Prontamente li o artigo, coloquei-me a meditar e desapeguei. Aos poucos, os pontos foram se ligando e a vida tomando forma novamente. O caminho permite escolhas. Cito em meu livro que seja esse talvez o primeiro paradigma humano: escolher. Desde muito cedo! Enfim... Minha reflexão me conduziu pelas diversas experiências vividas e pelos várias escolhas e caminhos assumidos. Todos responsáveis pelo “porvir”. Interessante notar que mesmo não escolhendo, elegemos o caminho. Toda não-escolha é também escolha. Por vezes, não temos consciência da própria escolha, fazendo com que simplesmente passe por nós.

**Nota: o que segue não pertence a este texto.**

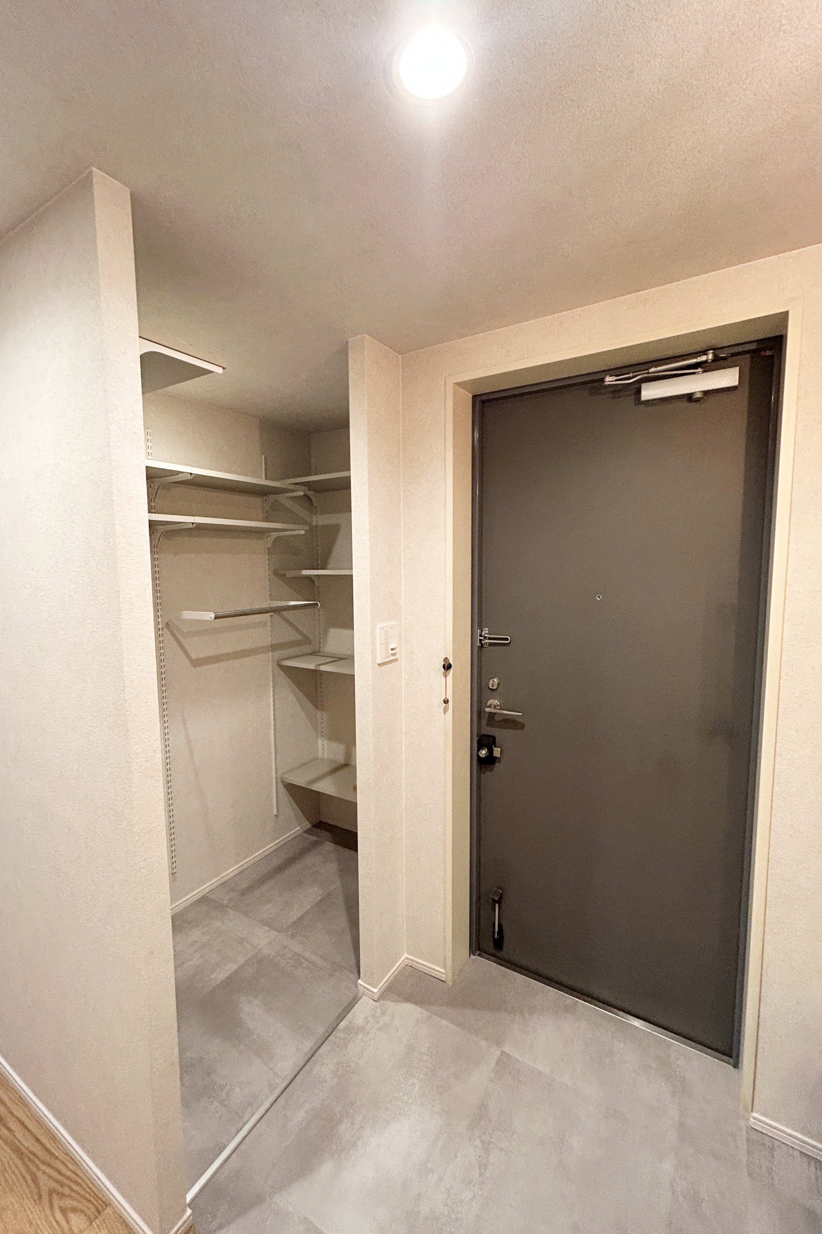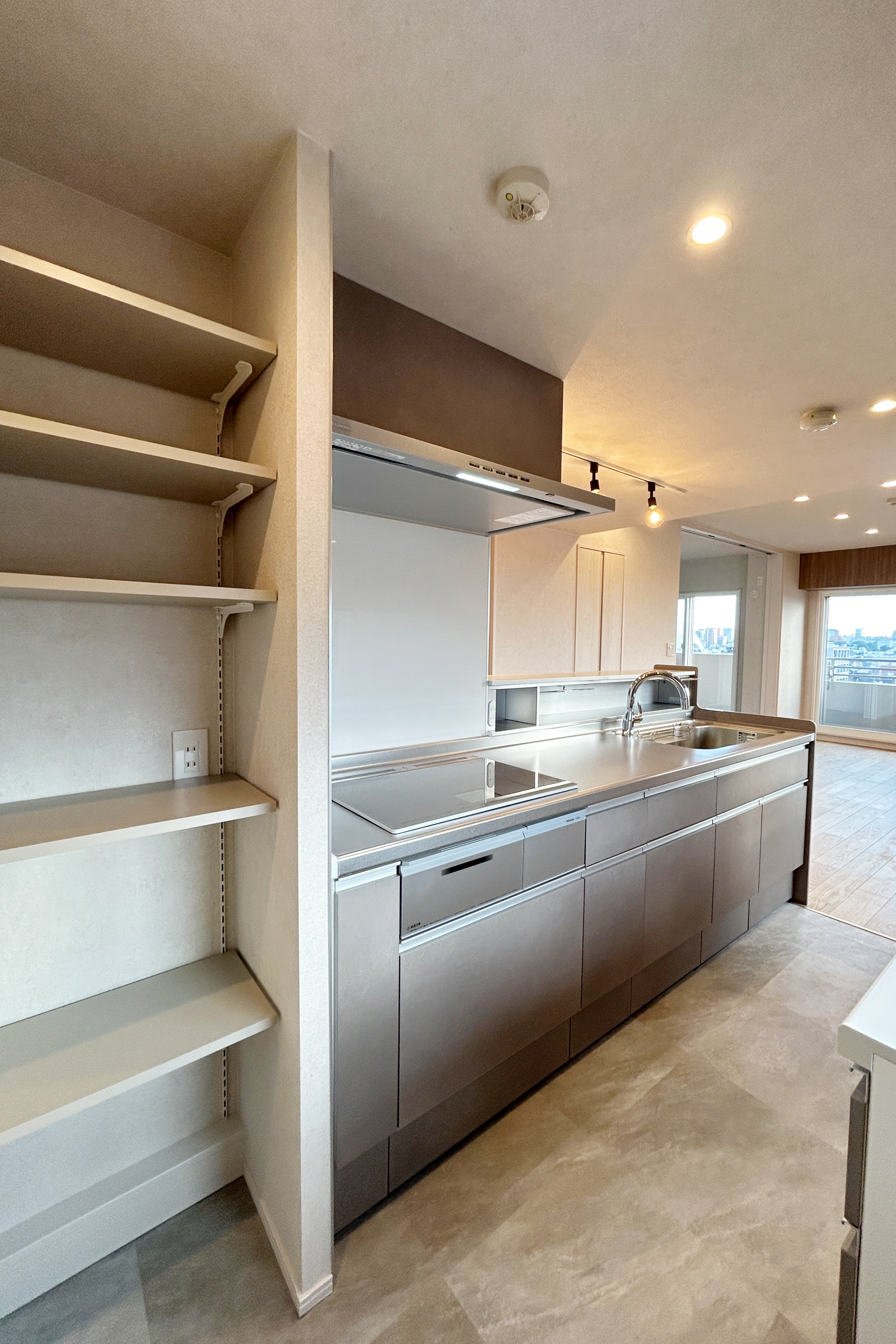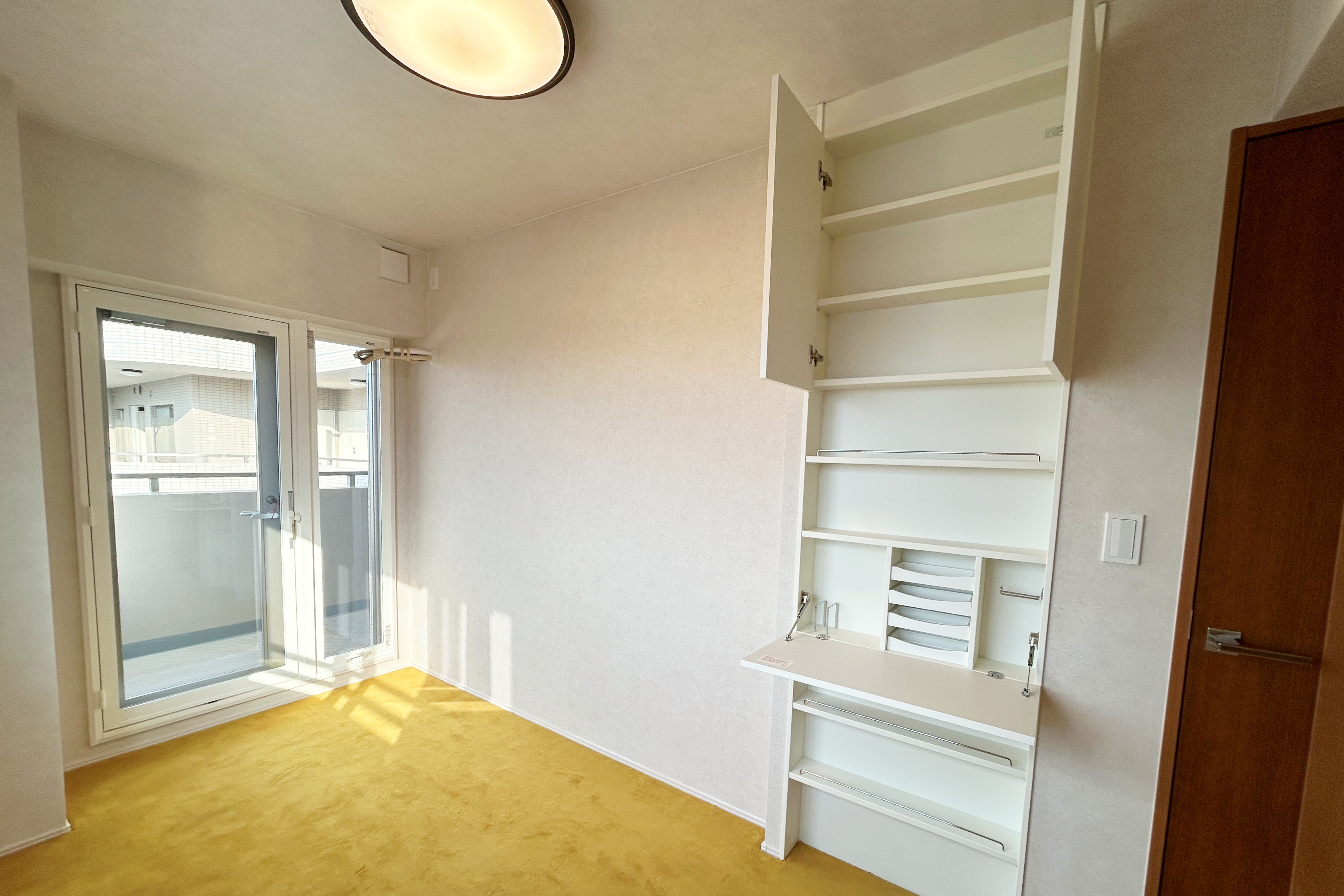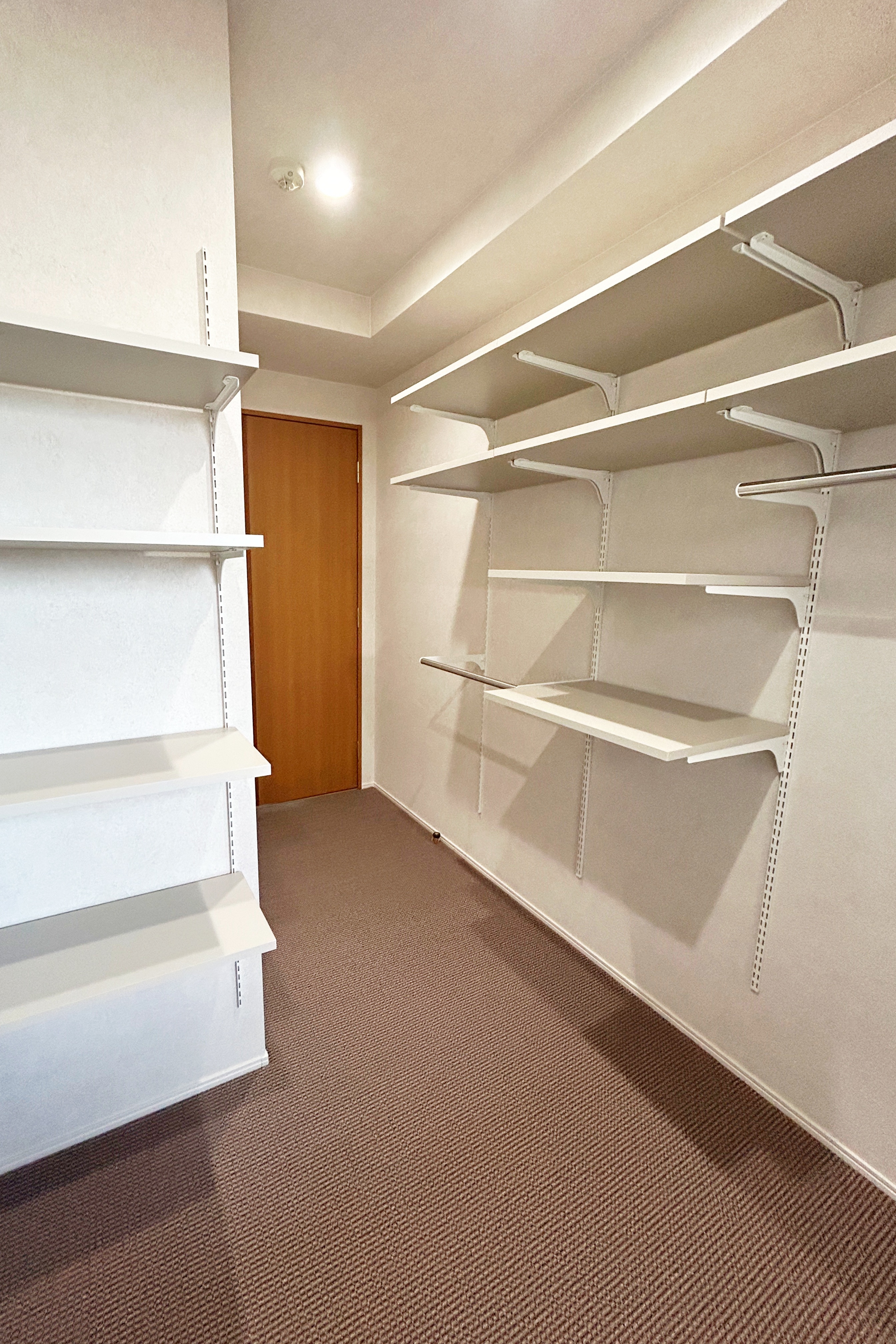 キッチン横には食品ストックに便利な可動棚を設け、寝室には新たに壁面収納を設置しています。

Assim, a realidade que vivemos hoje é conseqüência de escolhas assumidas no ontem, conscientes ou não. Nosso estado mental reflete o nível de nossos encontros, das situações que surgem e do caminho que devemos seguir, como aconteceu comigo ontem. Quanto mais nos mantivermos em nosso centro, sabedores da responsabilidade divina que nos guia, assumiremos conduta mais madura, menos reativa e passional. Talvez possamos compreender melhor e sentir cada experiência, saindo da carência e da vitimização. Adotaremos nova postura, observando e elegendo com maior integridade... o autoconhecimento permite que não sejam eleitos novos “pentimentos” que impedem o livre fluxo de novos afetos e experiências enriquecedoras.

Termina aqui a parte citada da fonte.